### [Records to process]
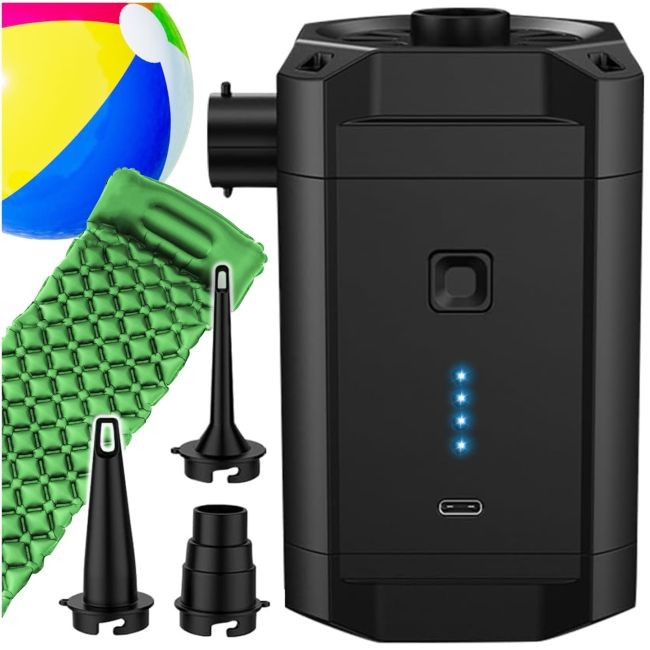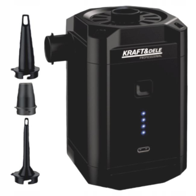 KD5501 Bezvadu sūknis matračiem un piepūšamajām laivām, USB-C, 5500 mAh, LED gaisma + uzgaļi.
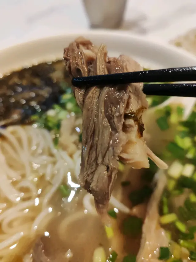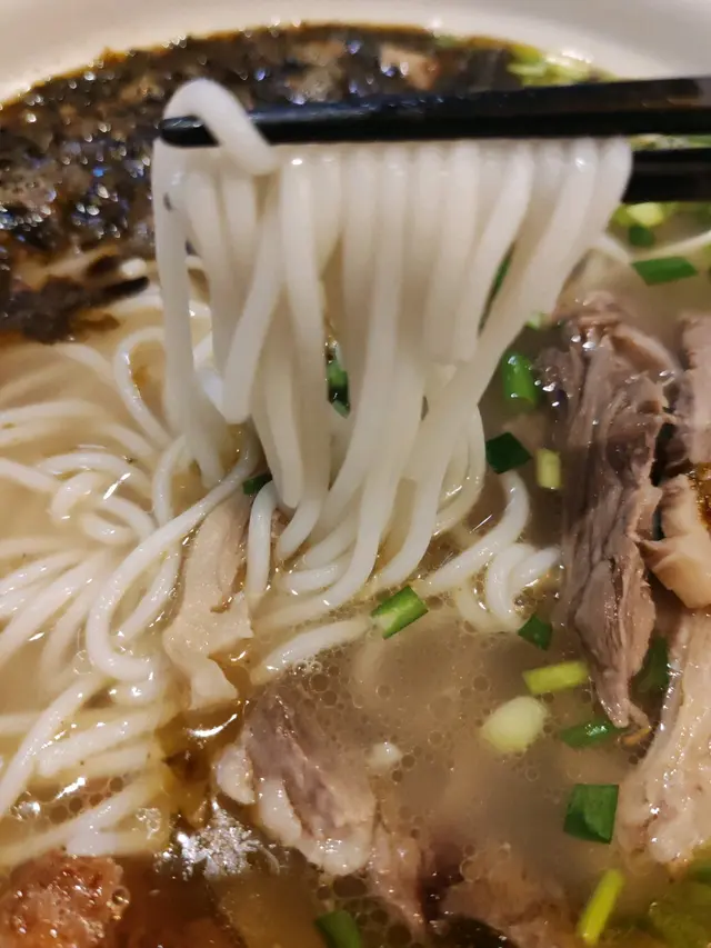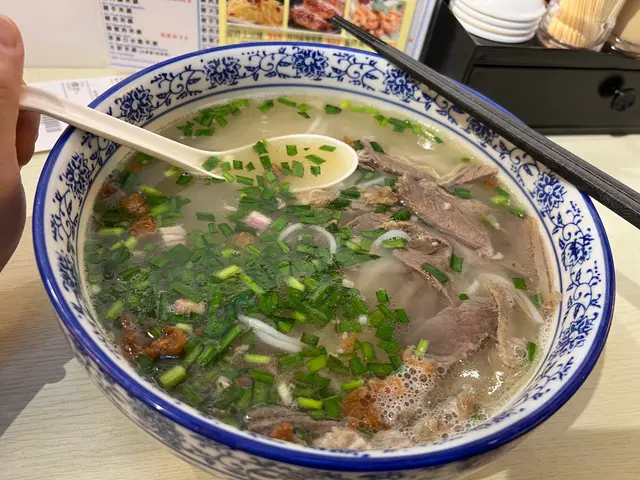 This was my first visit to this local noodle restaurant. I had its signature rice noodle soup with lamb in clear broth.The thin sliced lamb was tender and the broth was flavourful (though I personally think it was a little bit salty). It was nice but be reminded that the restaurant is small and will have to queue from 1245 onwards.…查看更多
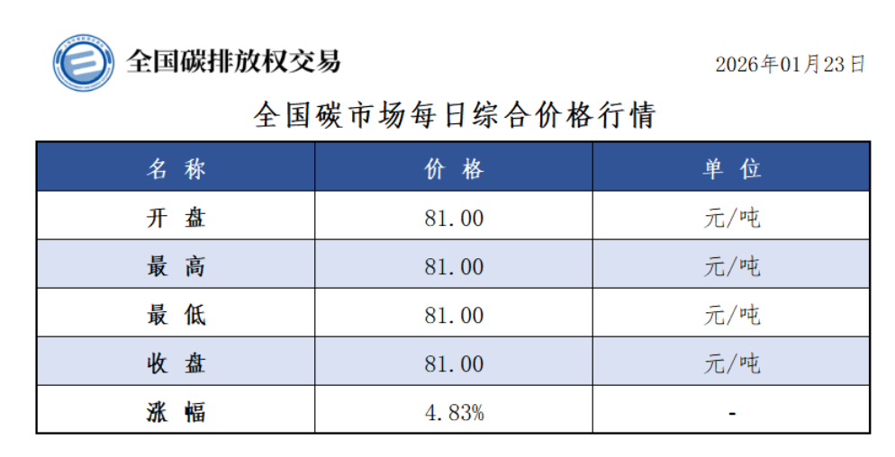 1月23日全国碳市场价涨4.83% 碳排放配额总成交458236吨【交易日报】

...

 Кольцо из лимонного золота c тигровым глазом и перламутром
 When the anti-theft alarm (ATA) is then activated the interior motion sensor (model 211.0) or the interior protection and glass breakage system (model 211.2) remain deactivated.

==

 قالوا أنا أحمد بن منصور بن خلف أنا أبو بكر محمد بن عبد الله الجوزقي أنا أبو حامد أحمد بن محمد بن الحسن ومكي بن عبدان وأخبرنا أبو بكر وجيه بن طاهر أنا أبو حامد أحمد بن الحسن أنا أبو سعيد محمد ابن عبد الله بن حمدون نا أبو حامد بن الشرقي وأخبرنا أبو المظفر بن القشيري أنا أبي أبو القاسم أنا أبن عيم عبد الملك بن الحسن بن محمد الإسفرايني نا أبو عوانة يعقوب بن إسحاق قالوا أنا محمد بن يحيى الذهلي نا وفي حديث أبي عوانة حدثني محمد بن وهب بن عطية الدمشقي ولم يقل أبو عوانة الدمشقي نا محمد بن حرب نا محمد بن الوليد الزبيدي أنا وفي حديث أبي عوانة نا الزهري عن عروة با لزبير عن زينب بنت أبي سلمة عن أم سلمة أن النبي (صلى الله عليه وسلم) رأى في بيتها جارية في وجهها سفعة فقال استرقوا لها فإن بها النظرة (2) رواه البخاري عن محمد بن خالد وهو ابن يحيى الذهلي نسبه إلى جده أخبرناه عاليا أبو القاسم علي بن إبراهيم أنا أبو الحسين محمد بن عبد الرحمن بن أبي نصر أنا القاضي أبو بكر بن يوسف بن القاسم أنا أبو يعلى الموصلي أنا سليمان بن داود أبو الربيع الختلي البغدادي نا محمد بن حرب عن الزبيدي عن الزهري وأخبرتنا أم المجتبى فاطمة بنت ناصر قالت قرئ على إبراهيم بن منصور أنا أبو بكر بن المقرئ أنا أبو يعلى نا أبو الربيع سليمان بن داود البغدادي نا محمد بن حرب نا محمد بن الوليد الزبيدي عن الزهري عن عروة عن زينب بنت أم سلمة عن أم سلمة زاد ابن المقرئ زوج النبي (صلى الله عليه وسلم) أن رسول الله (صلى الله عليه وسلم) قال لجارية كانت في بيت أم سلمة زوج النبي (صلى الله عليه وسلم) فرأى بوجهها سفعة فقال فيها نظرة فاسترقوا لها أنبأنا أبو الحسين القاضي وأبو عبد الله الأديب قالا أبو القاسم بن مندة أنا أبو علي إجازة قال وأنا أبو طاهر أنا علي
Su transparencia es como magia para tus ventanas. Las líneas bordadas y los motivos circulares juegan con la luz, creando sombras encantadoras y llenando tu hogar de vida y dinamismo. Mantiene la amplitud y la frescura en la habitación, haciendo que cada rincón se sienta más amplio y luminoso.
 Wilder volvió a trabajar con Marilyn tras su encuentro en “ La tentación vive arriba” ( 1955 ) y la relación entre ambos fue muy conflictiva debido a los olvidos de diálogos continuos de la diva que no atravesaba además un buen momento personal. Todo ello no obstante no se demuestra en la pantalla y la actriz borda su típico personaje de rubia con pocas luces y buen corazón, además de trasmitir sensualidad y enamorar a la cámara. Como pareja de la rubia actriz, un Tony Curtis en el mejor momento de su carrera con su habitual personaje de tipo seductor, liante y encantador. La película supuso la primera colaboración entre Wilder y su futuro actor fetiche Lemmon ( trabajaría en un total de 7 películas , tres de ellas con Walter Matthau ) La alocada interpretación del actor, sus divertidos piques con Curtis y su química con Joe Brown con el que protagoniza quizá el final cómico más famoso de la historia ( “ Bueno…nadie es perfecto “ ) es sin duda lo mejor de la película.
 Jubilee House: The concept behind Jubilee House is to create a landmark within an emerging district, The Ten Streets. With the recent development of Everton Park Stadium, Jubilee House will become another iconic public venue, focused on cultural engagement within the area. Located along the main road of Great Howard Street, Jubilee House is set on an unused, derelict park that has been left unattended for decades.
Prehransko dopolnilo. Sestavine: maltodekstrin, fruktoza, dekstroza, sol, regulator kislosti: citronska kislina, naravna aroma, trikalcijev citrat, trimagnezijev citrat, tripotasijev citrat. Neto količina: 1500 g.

### [To do]
Looking at the data above, return every line from the one with "قالوا أنا أحمد" down to the one with "Su transparencia es", exactly and inclusively.

### [Response area]
 قالوا أنا أحمد بن منصور بن خلف أنا أبو بكر محمد بن عبد الله الجوزقي أنا أبو حامد أحمد بن محمد بن الحسن ومكي بن عبدان وأخبرنا أبو بكر وجيه بن طاهر أنا أبو حامد أحمد بن الحسن أنا أبو سعيد محمد ابن عبد الله بن حمدون نا أبو حامد بن الشرقي وأخبرنا أبو المظفر بن القشيري أنا أبي أبو القاسم أنا أبن عيم عبد الملك بن الحسن بن محمد الإسفرايني نا أبو عوانة يعقوب بن إسحاق قالوا أنا محمد بن يحيى الذهلي نا وفي حديث أبي عوانة حدثني محمد بن وهب بن عطية الدمشقي ولم يقل أبو عوانة الدمشقي نا محمد بن حرب نا محمد بن الوليد الزبيدي أنا وفي حديث أبي عوانة نا الزهري عن عروة با لزبير عن زينب بنت أبي سلمة عن أم سلمة أن النبي (صلى الله عليه وسلم) رأى في بيتها جارية في وجهها سفعة فقال استرقوا لها فإن بها النظرة (2) رواه البخاري عن محمد بن خالد وهو ابن يحيى الذهلي نسبه إلى جده أخبرناه عاليا أبو القاسم علي بن إبراهيم أنا أبو الحسين محمد بن عبد الرحمن بن أبي نصر أنا القاضي أبو بكر بن يوسف بن القاسم أنا أبو يعلى الموصلي أنا سليمان بن داود أبو الربيع الختلي البغدادي نا محمد بن حرب عن الزبيدي عن الزهري وأخبرتنا أم المجتبى فاطمة بنت ناصر قالت قرئ على إبراهيم بن منصور أنا أبو بكر بن المقرئ أنا أبو يعلى نا أبو الربيع سليمان بن داود البغدادي نا محمد بن حرب نا محمد بن الوليد الزبيدي عن الزهري عن عروة عن زينب بنت أم سلمة عن أم سلمة زاد ابن المقرئ زوج النبي (صلى الله عليه وسلم) أن رسول الله (صلى الله عليه وسلم) قال لجارية كانت في بيت أم سلمة زوج النبي (صلى الله عليه وسلم) فرأى بوجهها سفعة فقال فيها نظرة فاسترقوا لها أنبأنا أبو الحسين القاضي وأبو عبد الله الأديب قالا أبو القاسم بن مندة أنا أبو علي إجازة قال وأنا أبو طاهر أنا علي
Su transparencia es como magia para tus ventanas. Las líneas bordadas y los motivos circulares juegan con la luz, creando sombras encantadoras y llenando tu hogar de vida y dinamismo. Mantiene la amplitud y la frescura en la habitación, haciendo que cada rincón se sienta más amplio y luminoso.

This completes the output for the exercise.